Poulpe : début de campagne encourageant

La situation des ressources céphalopodières serait-elle en amélioration ? Les statistiques des captures de poulpe dans les principaux points de débarquements de la pêche artisanale sont en tout cas en hausse. Ainsi, durant les 13 premiers jours de la présente campagne, du 1er au au 15 décembre (dont deux jours de repos), le tonnage de poulpe débarqué par la pêche artisanale au  niveau des 3 sites relevant de Dakhla est de  2.086 tonnes pour une valeur de 75 millions dirhams.

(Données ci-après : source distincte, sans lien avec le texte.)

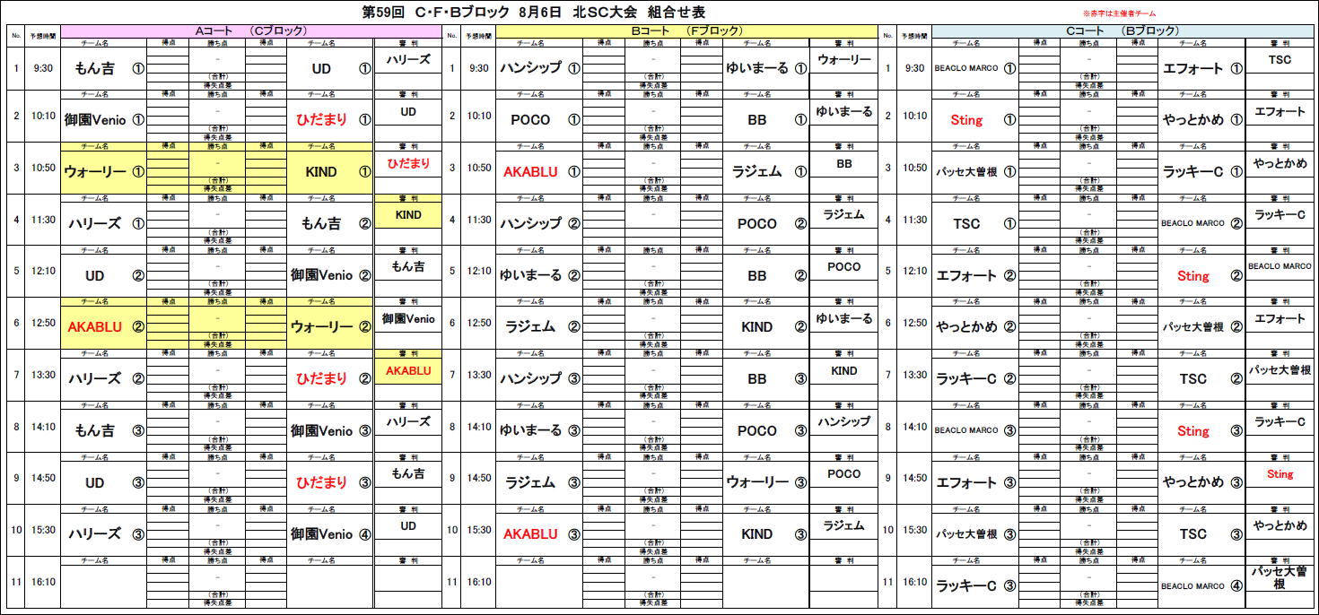 2023.08.01 第59回大会8/6北SC対戦表のお知らせ
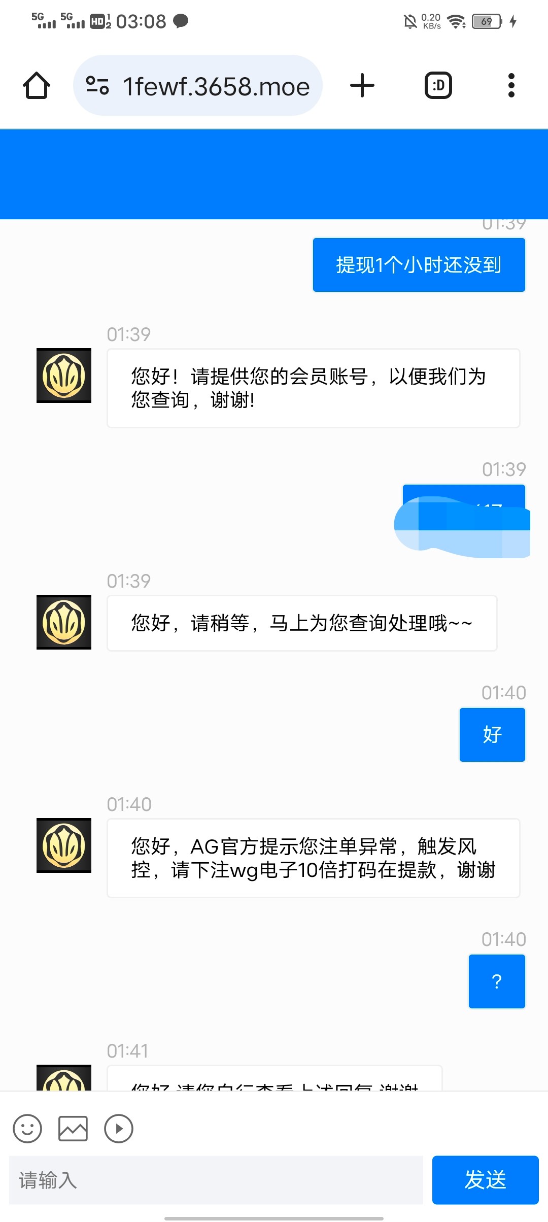刚才在2616新葡京提0.8个,平时几分钟到十几分钟就能到,这次等了一个小时还没到,然后我就去找客服,客服给的解释是ag提示注单异常,然后要求我去一个垃圾电子打8万流水,我就去打了一个多小时打出来了,最高打到1.7个,我不敢打太多,最后打剩6000多,还真给提了。这个星期一共提了6个多,赢了3个多左右,都是打的ag。所以我想问大家ag提示注单异常这种事到底真的假的,还是狗庄玩不起了。
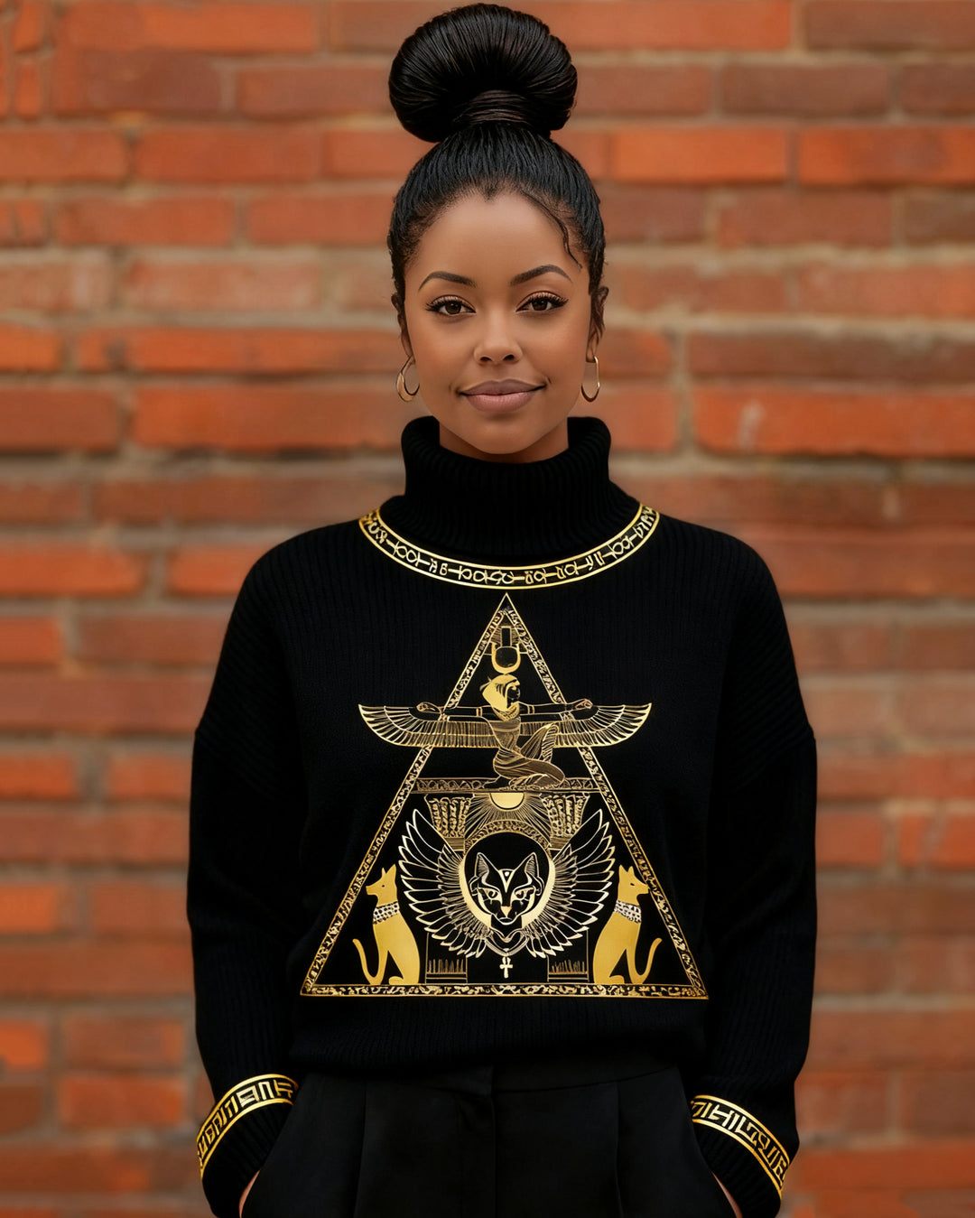 Egyptian Goddess Wolf Totem Turtleneck Long-sleeved Knit Sweater
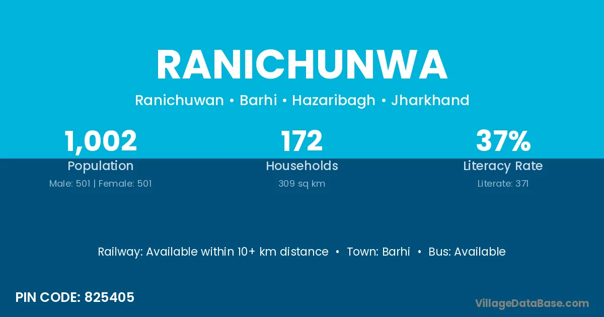Ranichunwa village has a total population of 1,002 people, of which 501 are males and 501 are females.
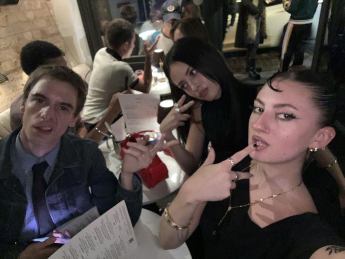 The image depicts an indoor evening scene within a restaurant or bar, with a large window or opening revealing a city street at night. The urban environment is consistent with London, United Kingdom. Three individuals are prominently featured in the foreground, seated at a white table. On the left, a male in his 20s, with short brown hair, wears a denim jacket over a light blue shirt and dark tie. He holds a smartphone with a glowing screen in his left hand and a white menu in his right, looking directly at the camera with a slightly open mouth. To his right, a female in her 20s with long, dark hair and a dark top, displays a 'peace' sign with her ring-adorned left hand, also looking towards the camera. On the far right, another female in her 20s, with dark hair styled back and wearing a dark top, touches her lower lip with her ring-adorned right index finger, maintaining direct eye contact with the camera. She wears multiple rings, earrings, bracelets, and a long gold necklace. On the table in front of them are several white menus and a small red handbag. In the mid-ground, other patrons are visible, including a male in a light polo shirt with his arm raised, seated at another table. The background outside the establishment is dark, indicating nighttime, and features a white car, a dark car, and several blurred pedestrian figures on a street, illuminated by distant light sources. An exposed brick wall is visible on the interior's left side. The overall lighting is dim and warm, characteristic of an evening dining or social setting.
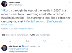Ребекка Росс @USEmbRuPress: «#Россия глазами СМИ в 2020 году» – это более актуальная тема. Наблюдая за следующими один за другим арестами российских журналистов, начинает казаться, что это согласованная кампания против #MediaFreedom (свободы прессы). @mfa_russia
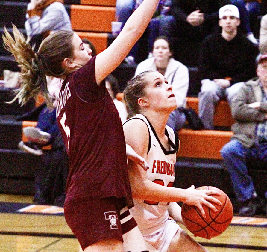Fredonia’s Cecelia Tonelli drives to the basket during Friday’s Section VI Class A2 prequarterfinal girls basketball game against Tonawanda. P-J photo by Braden Carmen
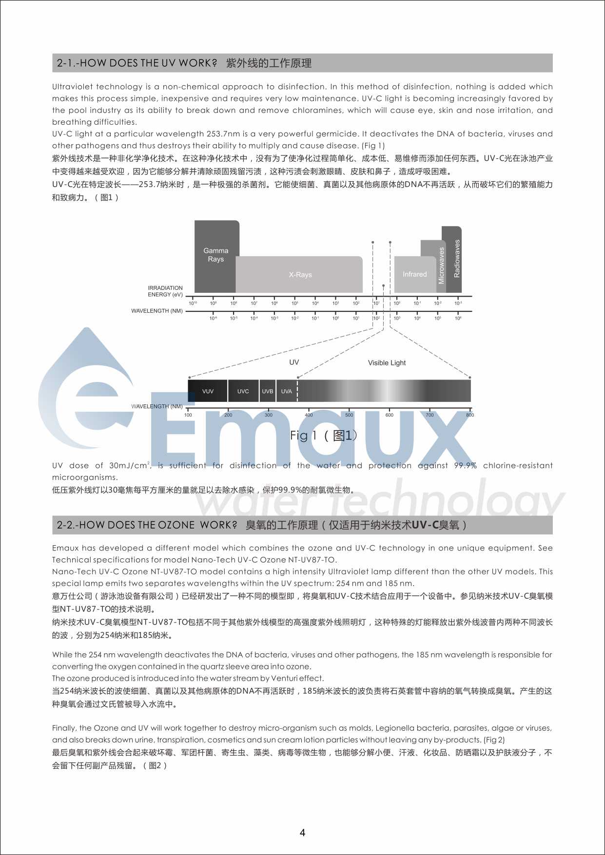 UV-C光在特定波長253.7納米是一個非常強大的殺菌劑,它可有效地殺死細菌DNA,病毒繁殖而引起的疾病。紫外線殺菌是一種非化學方式的消毒方法可避免導致眼睛、皮膚和鼻子過敏及呼吸困難的現象。紫外線殺菌還可以應用在水處理領域(殘余和飲用水)-泳池和魚池處理。同時紫外線的劑量為30mJ/cm2時,可有效對消毒并可以保護99.9%的抗氯鹽微生物。
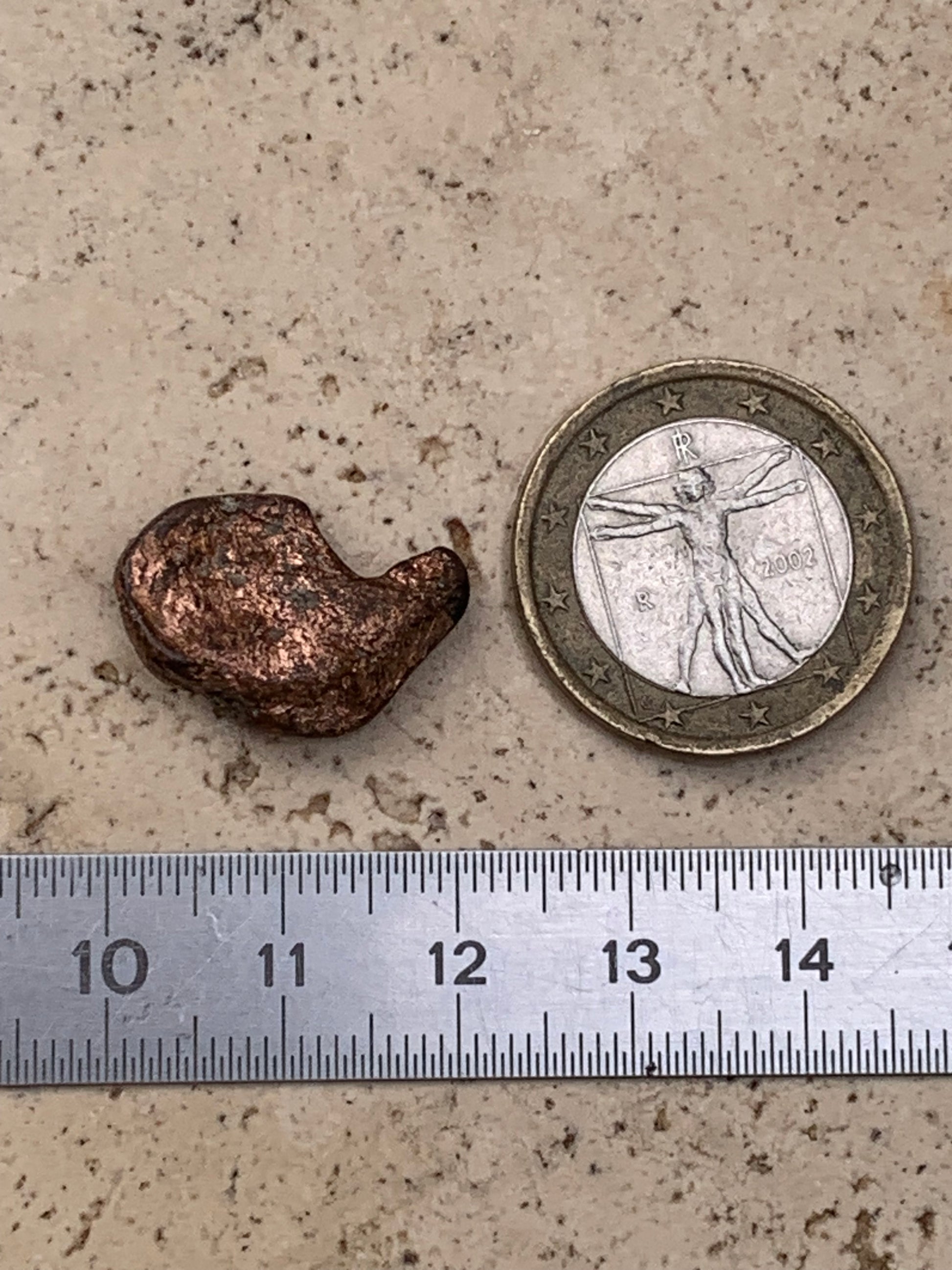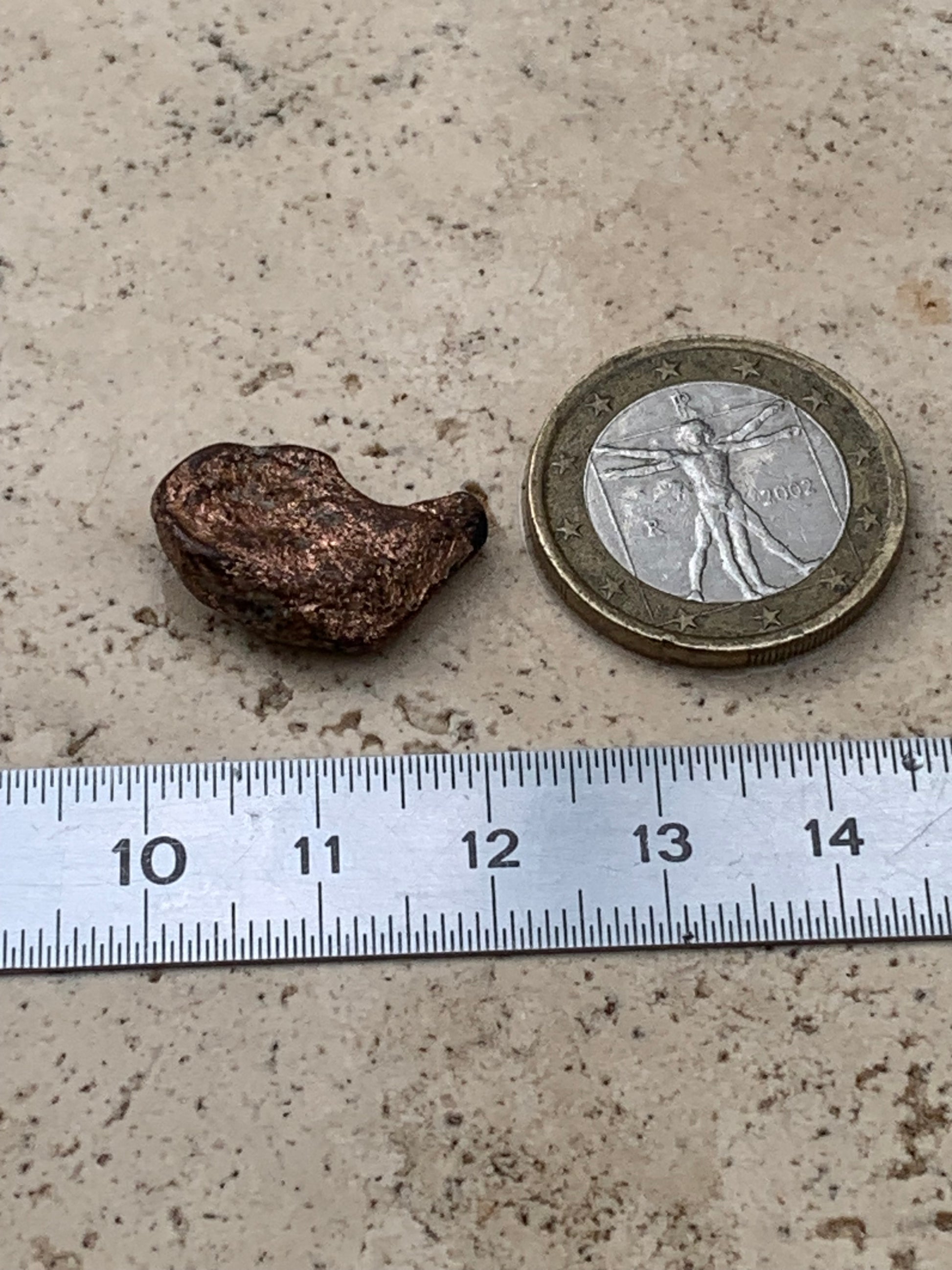 Cuivre natif, pépite naturelle de 20mm de long x14 x6 - 5,8 grammes. Parfait pour collection, exposition...
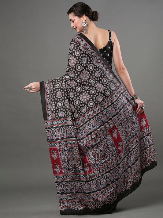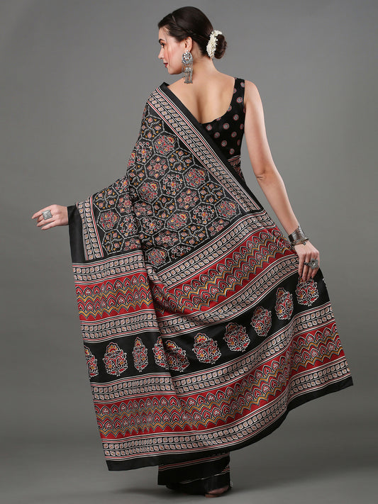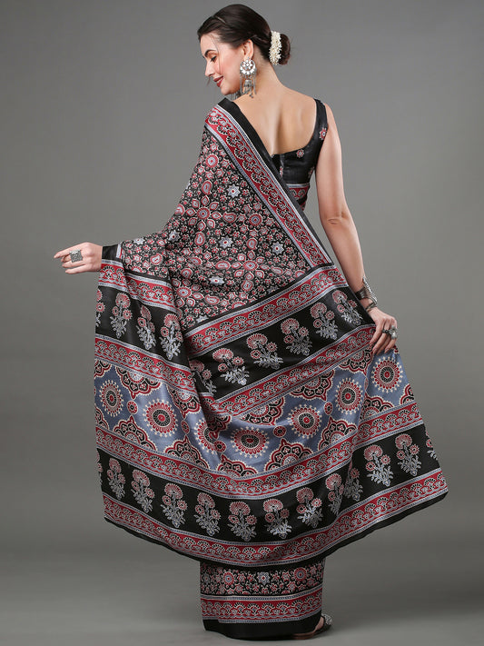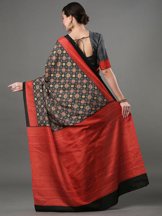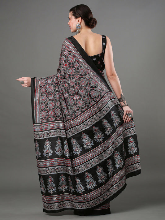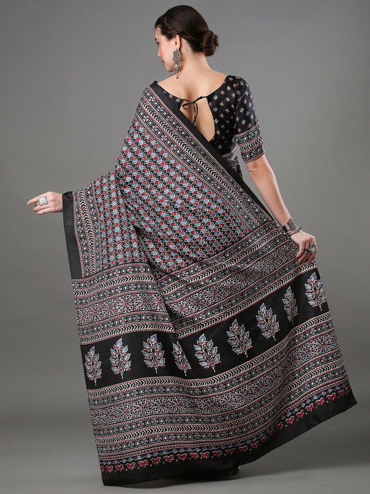 Women's Bhagalpuri Silk Black Printed Designer Saree With Blouse Piece

Les rendements moyens par sortie et par barque vont de 2 614 dirhams par jour d’activité, (site de Lassarga), à 3410 dirhams (N’térift) jusqu’à 4014 dirhams (Labouirda). Le poulpe est commercialisé dans ses différentes zones entre  34,9 et 38,09 dirhams le kilogramme dans ses différents points.
Les rendements moyens par barque enregistrés  actuellement sont meilleurs que ceux de la campagne d’août-septembre, avec des ratios qui ne dépassaient pas 1172 dirhams par jour dans les meilleurs cas.
Prudent, l’Office national des pêches rappelle que la campagne d’août est connue pour être relativement faible par rapport aux autres périodes de l’année. De plus, le démarrage de la campagne se fait sur les chapeaux de roues et par la suite, les prises ont tendance à se stabiliser ou à faiblir. Le commentaire est donc prudent en attendant la fin de la campagne.
C’est dire, note-t-on à l’ONP,  que les débarquements de poulpe diffèrent d’une campagne à l’autre.
Mais il est à remarquer qu’en comparaison avec les deux dernières campagnes celle en cours constitue, pour le moment, un record en rendement par barque au niveau du tonnage et un quasi-record au niveau de la valeur.
Et ce en comparaison avec la moyenne des campagnes précédentes (calculées pour l’ensemble de la campagne).
La pêche poulpière artisanale emploie un grand nombre de pêcheurs, dont le chiffre global dépasserait les 15.000 personnes. Par le passé, la dynamique de croissance de ce secteur s’est développée essentiellement autour de l’exploitation saisonnière d’une seule espèce le « poulpe ». Elle s’est également développée en dehors des circuits formels, et ce, du fait que les transactions commerciales échappent le plus souvent aux halles au poisson qui constituent le centre de la chaîne de valorisation des produits de la pêche. Pour remédier à la situation l’ONP a investi 30 millions de dirhams dans la construction de halles au poisson  dans 6 villages implantés dans les provinces du Sud et qui répondent aux normes les plus modernes.
Parallèlement, dans le cadre des efforts de structuration, de développement, de sédentarisation et de pérennisation de la pêche artisanale, il est prévu d’investir, en partenariat avec l’Agence du Sud, 915 millions de dirhams sur la période 2005-2009, dont 150 millions de dirhams à la charge de l’ONP. Ces projets concernent notamment l’équipement de 7 villages de pêche.